Impairment indicator assessment on intangible assets used in exploration and evaluation activities 

The Directors consider that there were no impairment indicators as at 30 September 2023 concerning the Group’s intangible assets employed in exploration and evaluation activities 
in relation to oil sands which have been impaired in previous years. In the prior year, an exploration permit was secured in February 2022 to drill 3 exploration wells to recover core 
and perform in hole surveys to collate detailed data on the location and quality of the oil sand formation. The results of the surveys were positive, and they were utilised to produce 
a potential drilling programme for a steam injection process to recover the oil in the formations. A permit application for an initial production well has been submitted and the Directors 
are still awaiting its acceptance by regulators. On receipt of this first permit, the Group is planning to submit up to a further 24 applications. Following the results of the exploration 
wells, the Directors have concluded that no impairment is required. 

- 

Internally generated development assets 

Greenfield has incurred expenditure on researching and developing the design and operation of a pilot plant and processes that is not of a scale economically feasible for commercial 
production. Judgement is required in determining what constitutes research expenditure, to be expensed in profit and loss, and what constitutes development expenditure that meets 
the criteria set out in IAS 38, which must be capitalised. Qualifying expenditure is capitalised from the point at which the Board is satisfied as to the technical feasibility of the 
production processes. The Board has deemed that this was achieved when the preliminary results of the Pre-Feed study were released, which indicated the use of the Oil Sands 
Technology was likely to be economically viable. Judgements on these matters affect the cost of intangible assets. 

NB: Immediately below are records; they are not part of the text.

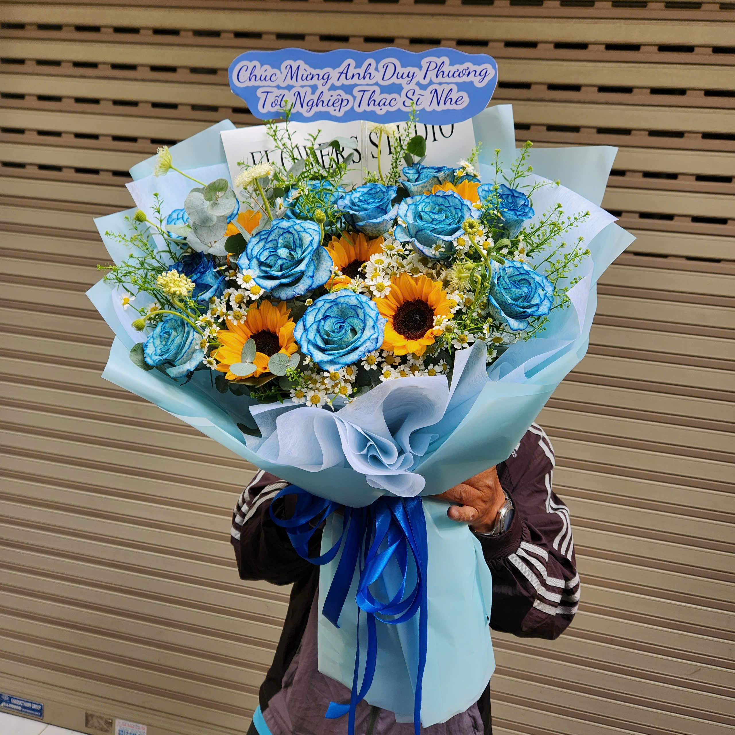 7. Dịch vụ giao hoa tốt nghiệp màu xanh dương nhanh tại TP.HCM
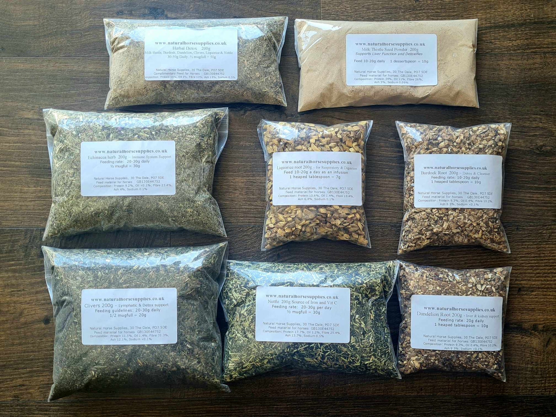 A selection of 8 x 200g packs of herbs and supplements to add to buckets/tubs of water as a water buffet.
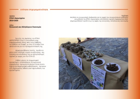 2019-2020 Δημιουργήθηκαν προϊόντα με τις αρχές της κοινωνικής, αλληλέγγυας οικονομίας
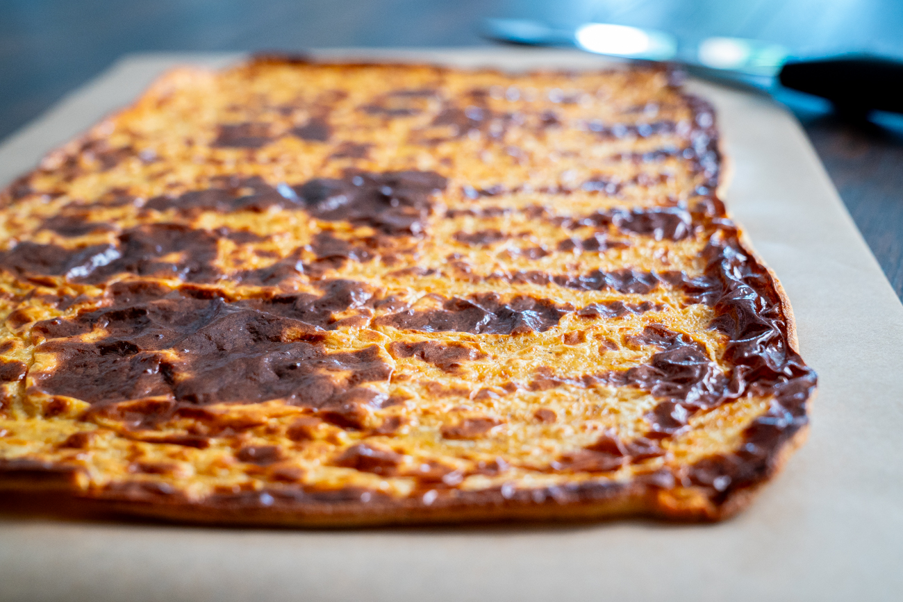 When your flatbread is baked, be sure to remove the parchment paper to a wire rack to cool it down. Your flatbread may seem too moist after the 1st bake, so let it cool, gently flip it over, and place it back onto the tray in the oven to further dry out for 4 – 6 minutes. The flatbread should feel soft and slightly crispy along the edges.
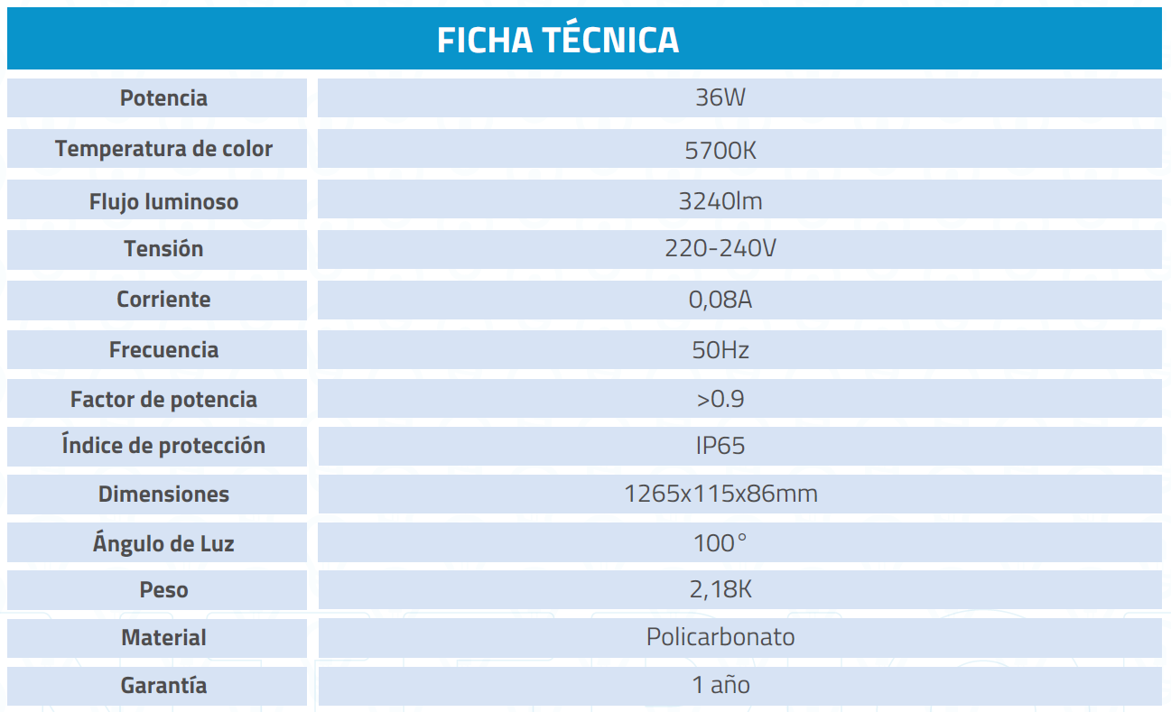 Equipo estanco de policarbonato de alta calidad y resistencia, con clips de acero inoxidable que aseguran una sujeción firme, segura y hermética. Electrificado en ambos extremos para conectar dos tubos LED de 18W, ofreciendo una luminosidad de excelente calidad. Diseñado para reemplazar canaletas de tubos fluorescentes de 2x36W, reduce el consumo eléctrico en un 50% manteniendo la misma capacidad de iluminación. Adecuado para uso interno y externo, resistente al polvo, humedad y agua directa. Para instalaciones exteriores, se recomienda utilizar cajas estancas para proteger las conexiones eléctricas.

In assessing the possible impairment of these assets, the Board considers the likelihood of sufficient financial resources being available to exploit the assets. This is dependent upon 
Greenfield’s ability to achieving the necessary funding described elsewhere in this report. At the date of approval of these financial statements, the directors consider it probable 
that sufficient resources will be available, and it remains probable that economic benefits from the asset will flow to the group. 

-    Carrying value of unquoted investment 

The Group follows the guidance of IFRS 9 to determine when a financial asset is impaired. This determination requires significant judgement. In making this judgement, the Group 
evaluates, among other factors, the duration and extent to which the fair value of an investment is less than its cost, and the financial health of, and short-term business outlook for, 
the investee, including factors such as industry and sector performance, changes in technology and operational, financing cash flow and proposed fundraising.  

The Group purchased a 10% membership interest in Tar Sands Holdings II LLC (“TSHII”) in November 2021 and held an option to purchase the remaining 90% for additional cash 
consideration of $17.25 million by an extended deadline of 31 December 2023. The Group is in discussions to seek a further extension to the exercise period of the option. The 
Directors have determined that the cost of the asset is an appropriate estimate of the fair value of the Group’s investment in TSHII as at 30 September 2023. To further support the 
carrying value, the Group also announced the findings of an independent report commissioned from Netherland, Sewell & Associates, Inc. (“NSAI”) estimating the reserves on the 
mining properties comprising the TSHII site. Further details are disclosed in the Directors’ Report. The Directors do not consider there to be any impairment of the investments as at 
30 September 2023. 

Estimates 

-  Share based payments 

Estimates were required in determining the fair value of share warrants granted in the year including future share price volatility and the instrument life. Volatility is estimated using 
TomCo’s historic share prices for a period of time that matches the exercise period of the warrant or option concerned. This assumes that historic share price volatility is the best 
estimate of future volatility. The Black-Scholes model is used for valuing the warrants. Estimates are also made of the likely time of exercise of the warrants. 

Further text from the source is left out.